Он отпускает мою руку, но затем я чувствую, как его пальцы касаются моей щеки.
Теперь мы так близко.
Как мы вообще оказались так близки?
Его светло-голубые глаза испещрены более темными лазурными точками, которые, кажется, меняют форму каждый раз, когда к ним прикасается свет.
— Ты такая красивая, — шепчет он мне.
— Забавно… Я думала то же самое о тебе.
Улыбка на мгновение сползает с его лица. Но прежде чем я успеваю разгадать загадочное выражение, промелькнувшее в его глазах, он наклоняется ко мне.
Его губы прижимаются к моим. Мягкие и трепещущие.
Он делает это медленно.
Он заставляет меня чувствовать, что у нас есть все время в мире.
Даже когда он усиливает давление, его губы остаются мягкими.
Они притягивают меня глубже, и мои руки поднимаются и обвиваются вокруг его шеи. Я чувствую его ладони на своей пояснице.
Он медленно поворачивает голову в сторону, углубляя поцелуй так плавно, что я все еще чувствую затяжную неуверенность, даже когда поцелуй перерастает во что-то более решительное, более страстное.
Его язык скользит по моей нижней губе. Даже не думая об этом, я открываюсь для него.
В том, как он прикасается ко мне, нет ничего испытующего. В этом нет ничего неудобного.
Это просто ощущается… интенсивно. Полностью преображает.
Скольких парней я целовала раньше?
Кажется, троих?
Четырех, если считать Себастьяна О'Хару в пятом классе, чего я обычно не делаю.
Ни один из них не был таким.
Эти поцелуи были неуклюжими, неопытными. Те мальчики были либо застенчивыми и неуверенными, либо требовательными и агрессивными.
Киллиан не является ни тем, ни другим.
При других обстоятельствах я могла бы испугаться его самоуверенности.
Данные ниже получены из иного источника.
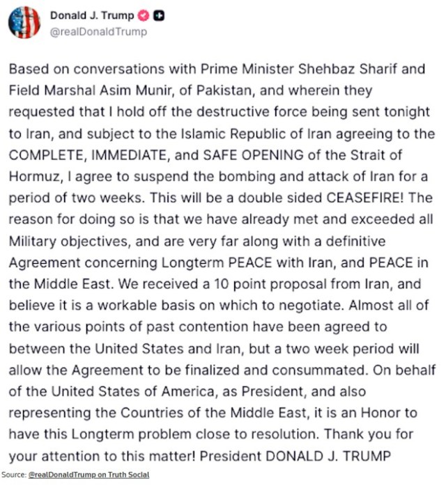 Trump agrees to suspend ‘bombing and attack of Iran’ for 2 weeks: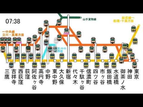 多いときは2〜3分に一度で国分寺のホームなんか2面だから常に来る、みたいな感じだよな。>中央線 朝ラッシュ時の運行略図 www.youtube.com/watch?v=d1w90t… @youtubeさんから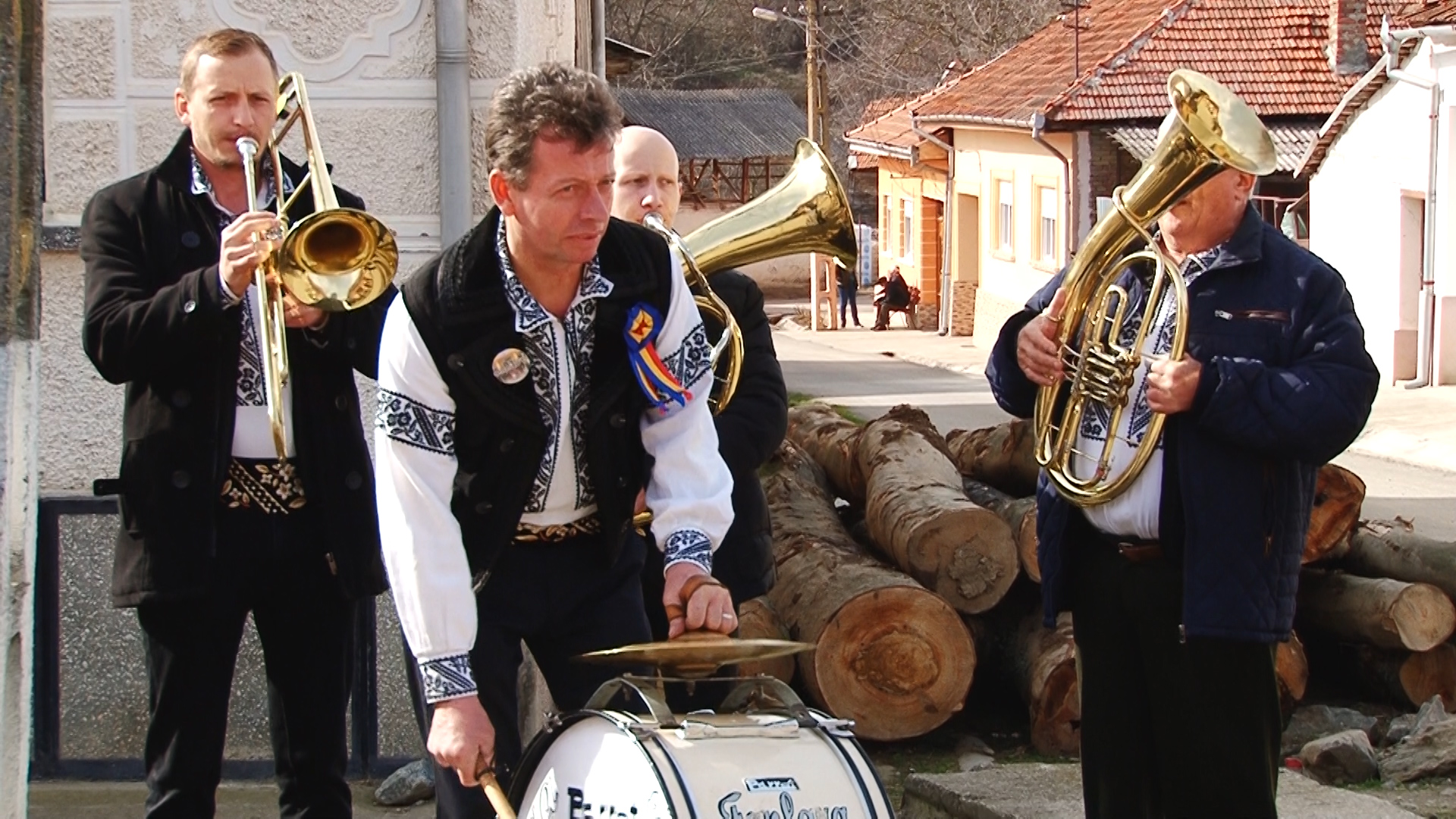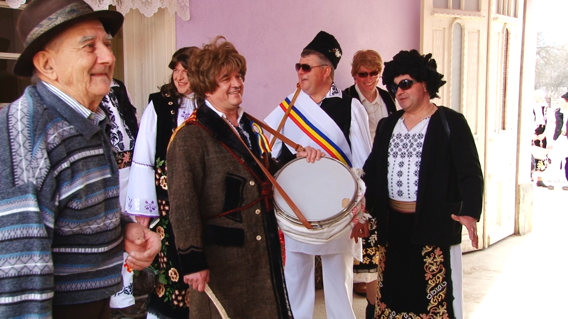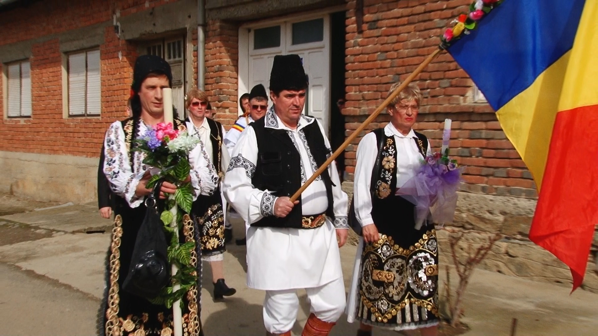 Există și o mireasă! Alaiul colindă satul cu steaguri și uiege de răchie în mână în sunetele muzicii. Dar și adună într-un butoiaș răchia oferită cu generozitate de săteni pentru balul de seară. Femeile satului sunt doar admise să admire trăsnăile, nu au de jucat nici un rol.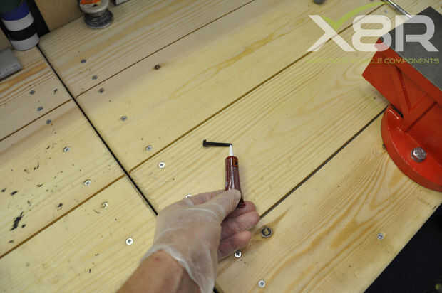 Aplique Loctite para tornillos y colocar de cabeza.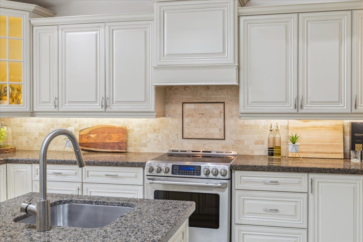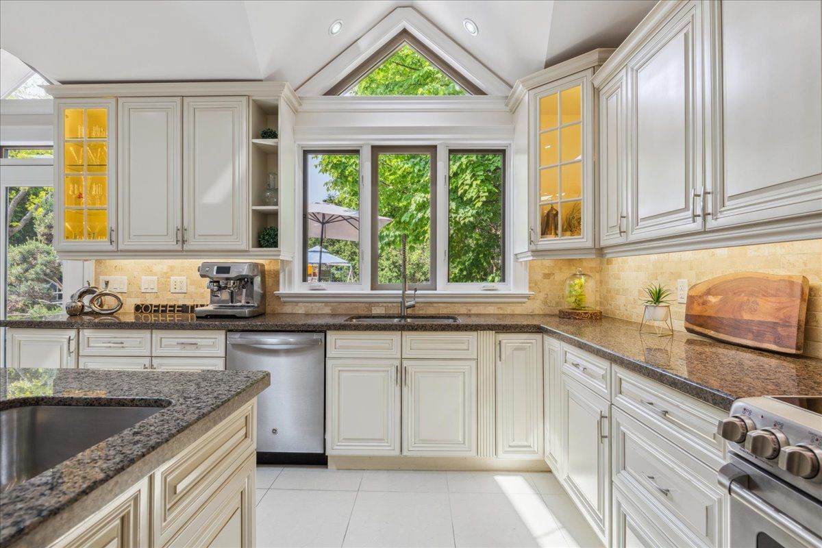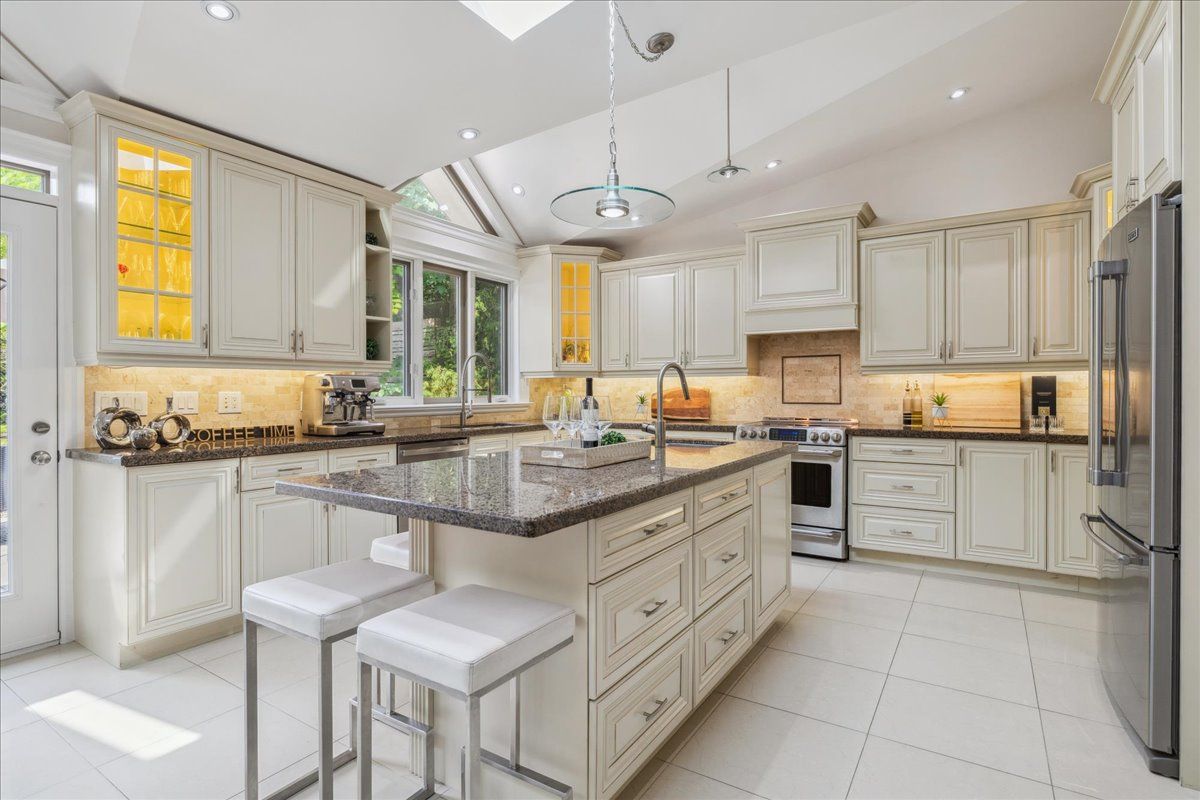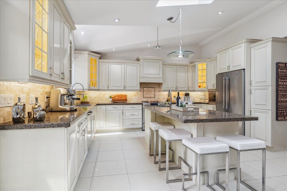 • Gourmet kitchen features granite counters and stainless steel appliances.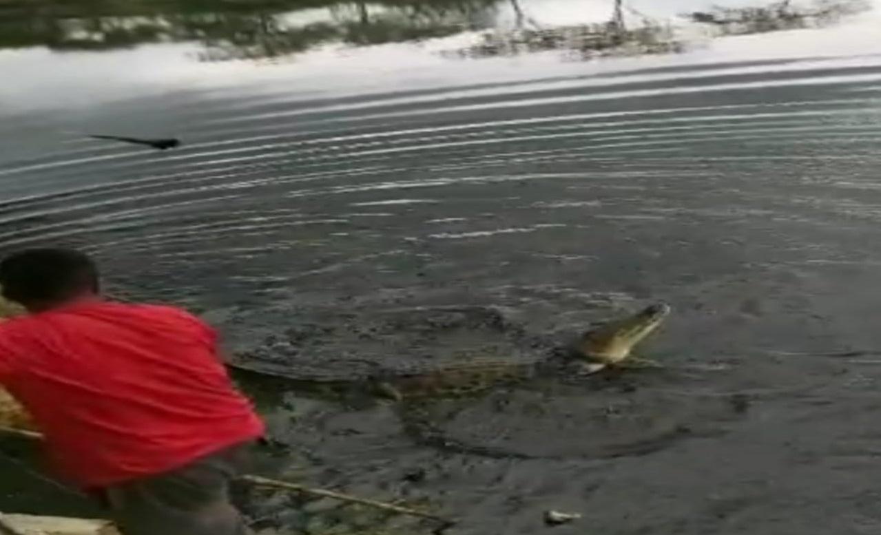 Dalam video berdurasi 25 detik dan video berdurasi 15 detik yang diabadikan warga terlihat buaya tersebut ditangkap dengan menggunakan sehelai tali yang diikat di bagian leher lalu ditarik hingga ke darat.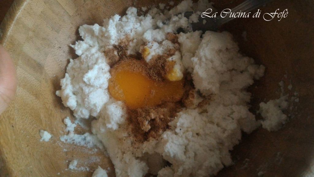 Meanwhile, in a large bowl, mix the previously drained ricotta with the egg, nutmeg, and a pinch of salt and pepper to taste.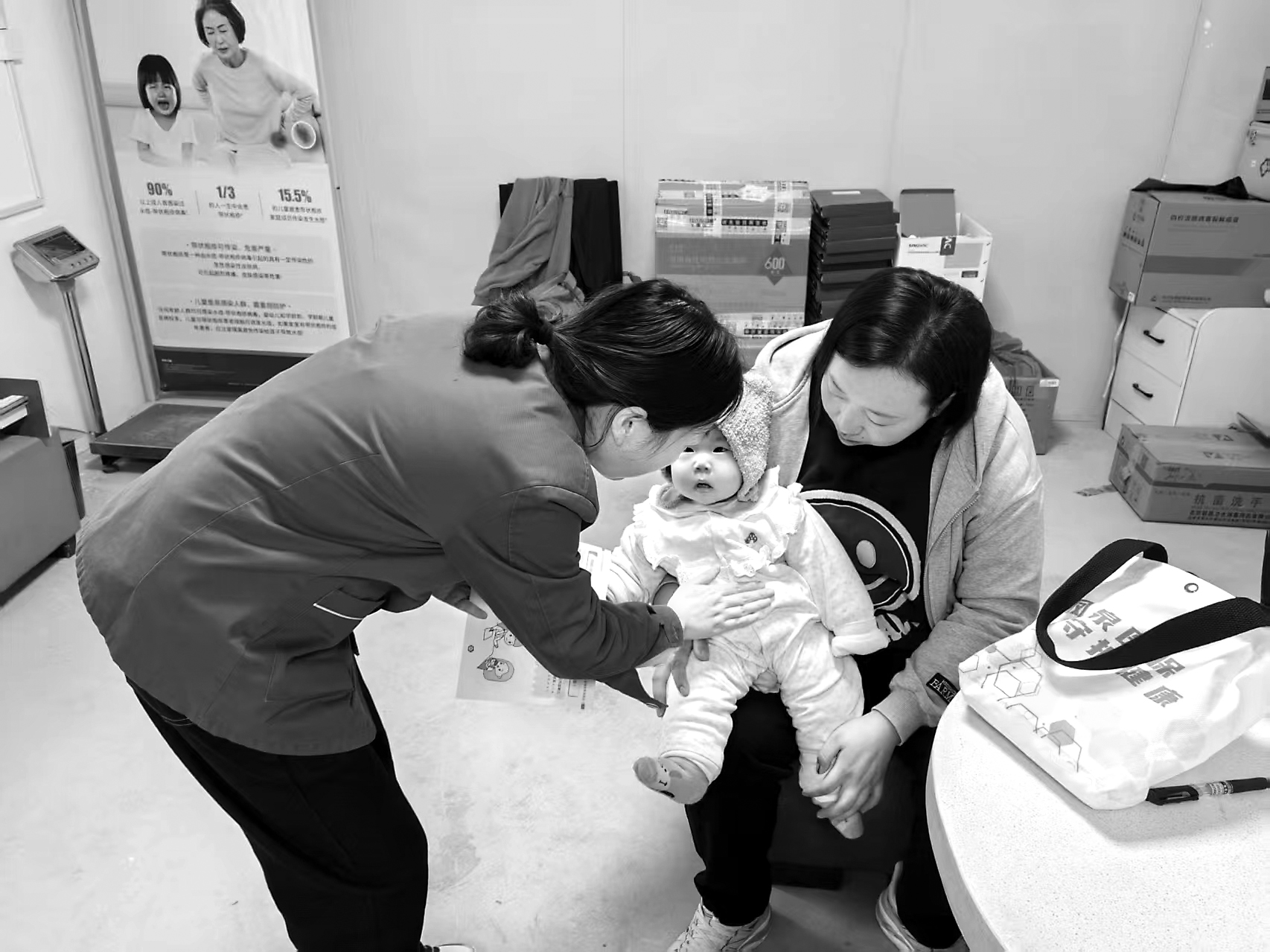 ↑4月21日,新乡市凤泉区宝东社区卫生服务中心,医务人员为家长进行中医健康宣教。连日来,该中心开展以“小手儿按一按,助力儿童健康”为主题的全国儿童预防接种日中医健康宣教及穴位指导活动。 常俊伟 胡淑娟/摄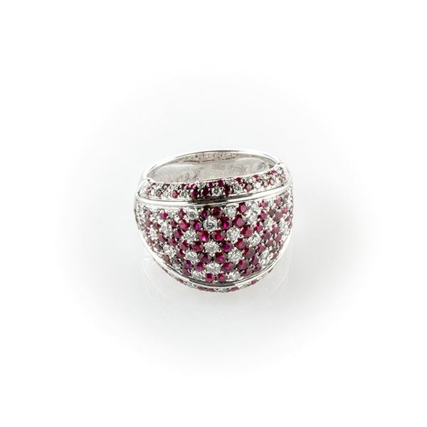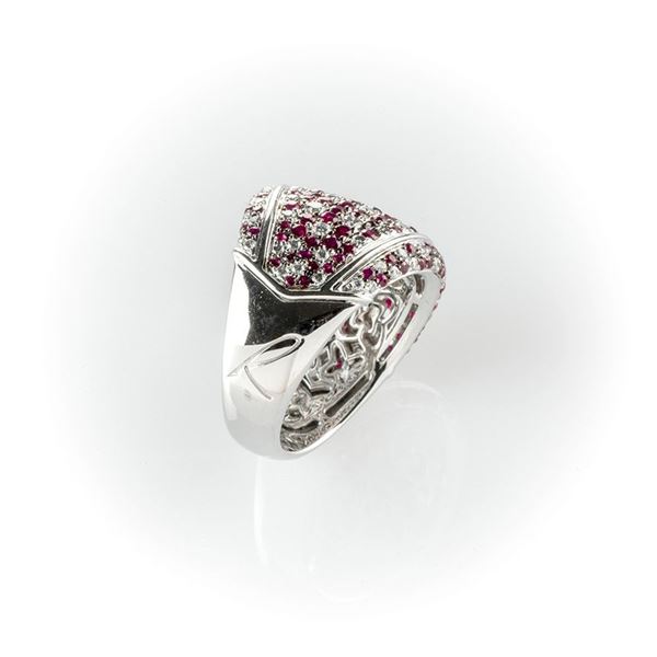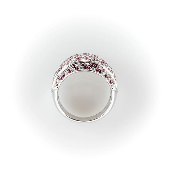 Anello Recarlo a fascia in oro bianco con pavè misto di rubini e diamanti
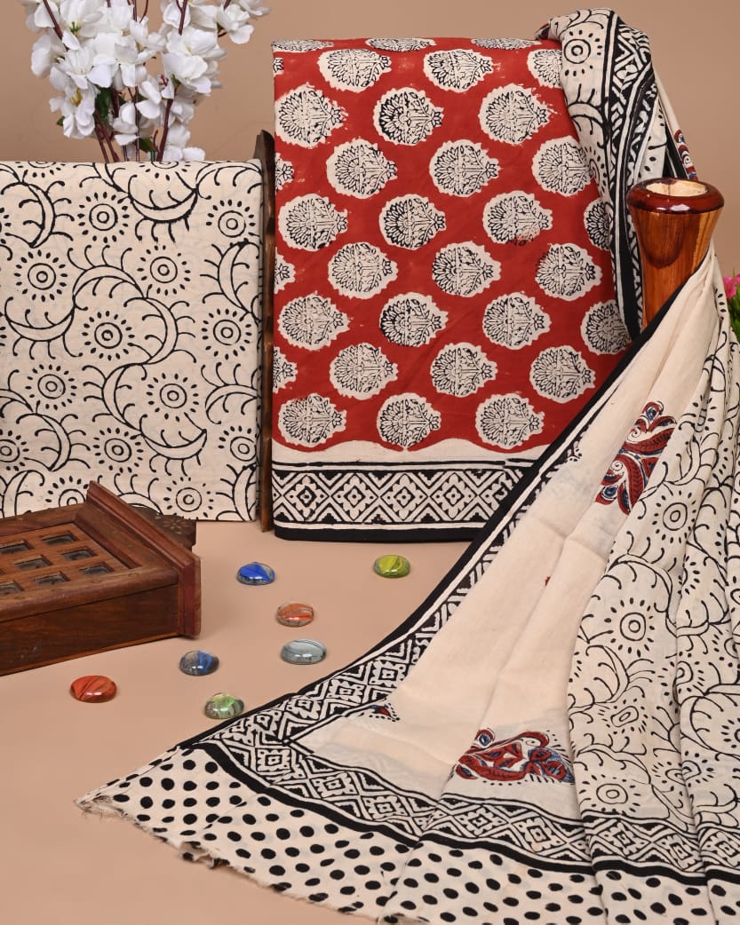 HAND BLOCK PRINT COTTON SUIT SET WITH MULMUL DUPATTA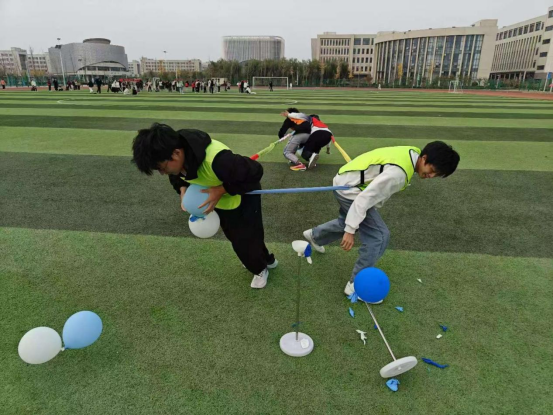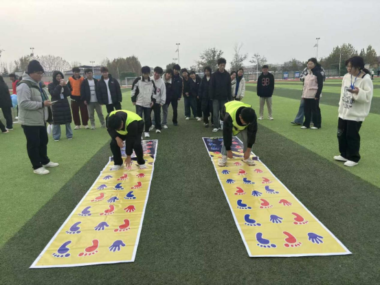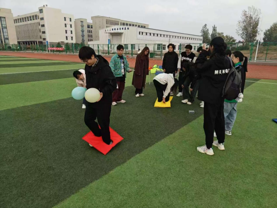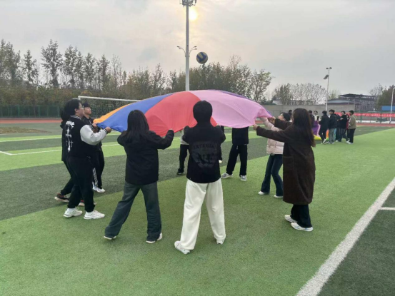 活动设置了“企鹅双足走”、“手脚并用”、“东南西北跑”、“重走长征路”和“彩虹伞弹力球”等兼具趣味性和竞技性的团体项目。同学们积极参与各个项目,现场加油声、欢呼声此起彼伏,将整个场地渲染得热闹非凡,气氛十分热烈。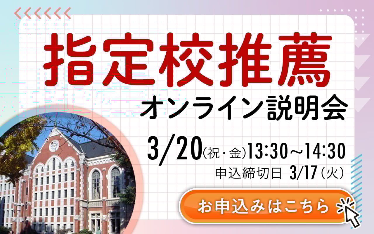 私大 総合型・学校推薦型選抜で合格実績No.1を誇る早稲田塾が、指定校推薦について徹底解説!実際に合格した先輩の出願例なども交えながら、入試に向けてやるべきことをお伝えします。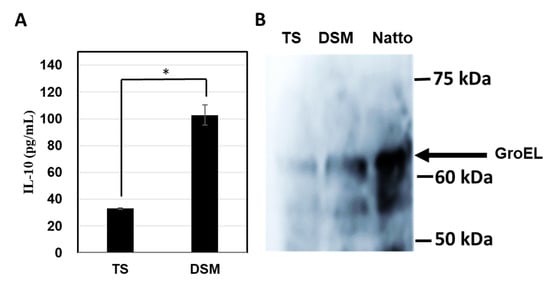 Numerous genes involved in sporulation were upregulated in B. subtilis 1. Therefore, we cultured strain 1 in DSM to induce sporulation and evaluated their IL-10-inducing activity as well as GroEL production against the TS medium. Ninety-two percent of strain 1 sporulated when it was cultured in DSM medium but did not sporulate in TS medium (3%). As shown in Figure 8A, the IL-10-inducing activity in THP-1 DC increased significantly (3.2-fold) when strain 1 cells were cultured in DSM compared to those cultured in TS medium. Furthermore, to assess the amount of GroEL prepared with strain 1 from the supernatants of TS and DSM, and the suspension of Natto product prepared with strain 1 in PBS, Western blotting analysis was conducted with an anti-GroEL antibody. As shown in Figure 8B, GroEL production in the culture supernatant was significantly higher in DSM than in TS. Interestingly, the amount of GroEL produced from Natto was the highest among the tested samples. These results strongly suggest that GroEL secretion in B. subtilis may be induced during sporulation and may contribute to cytokine production.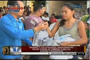 Nasa 400 na pamilyang evacuee sa Albay, nabigyan ng relief goods at tubig ng Kapuso Foundation Read more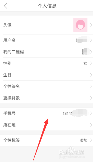 在设置界面点击小我信息设置选项。在小我信息界面点击手机号选项。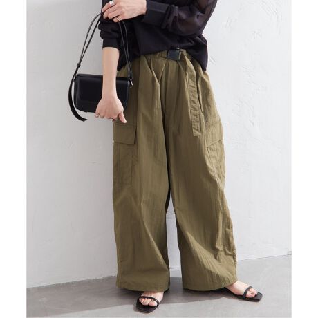 クシュっとしたナイロン素材で大人カジュアルにこなせるカーゴパンツ。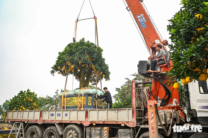 Từ sáng sớm, ông Thủy (chủ nhà vườn Hoàng Chính) cùng 2 người làm tất bật chuẩn bị cẩu cây bưởi cảnh hàng chục năm tuổi lên chiếc xe tải hạng nặng.

Его уравновешенности. Очевидно, он делал это раньше — целовал, прикасался, занимался сексом.
Но почему-то сейчас меня все это не пугает.
Потому что в его поцелуе есть нечто большее, чем простое желание.
Я могу сказать, что он заботится обо мне.
Возможно, мы все еще незнакомы. Но тебе не обязательно знать кого-то, чтобы тебе было не все равно, не так ли?
Когда мы отрываемся друг от друга, на губах Киллиан появляется легкий румянец, и я чувствую, какие горячие собственные щеки. Я почти ожидаю, что вот-вот взойдет солнце.
Конечно, мы целовались часами...
Но нет.
До восхода солнца еще несколько часов. Его рука все еще прижата к моей щеке, обхватывает мое лицо.
— Будь я проклят, — выдыхает Киллиан.
Я улыбаюсь. — Лучший поцелуй в твоей жизни? — Спрашиваю я.
— Снимаю шляпу.
Я застенчиво улыбаюсь.
— Ты не собираешься меня переубеждать? — спрашивает он. — Ты не собираешься обвинять меня во лжи?
— Нет, — говорю я. — На этот раз я тебе верю.
Я поворачиваюсь на месте, поднимая лицо к волшебным огням, висящим над нами. В маленькой нише, в которую мы вошли, установлена глубокая скамья, поверх которой расстелен толстый бежевый ковер.
— Вау, — он ухмыляется. — Я завоевал твое доверие.
— Я бы так далеко не заходила, — быстро поправляю я. — Я просто… Поцелуй был таким...
Я замолкаю, внезапно осознав, что он следит за мной глазами. Вместо этого я решаю сосредоточиться на том, чтобы провести пальцами по роскошному ковру.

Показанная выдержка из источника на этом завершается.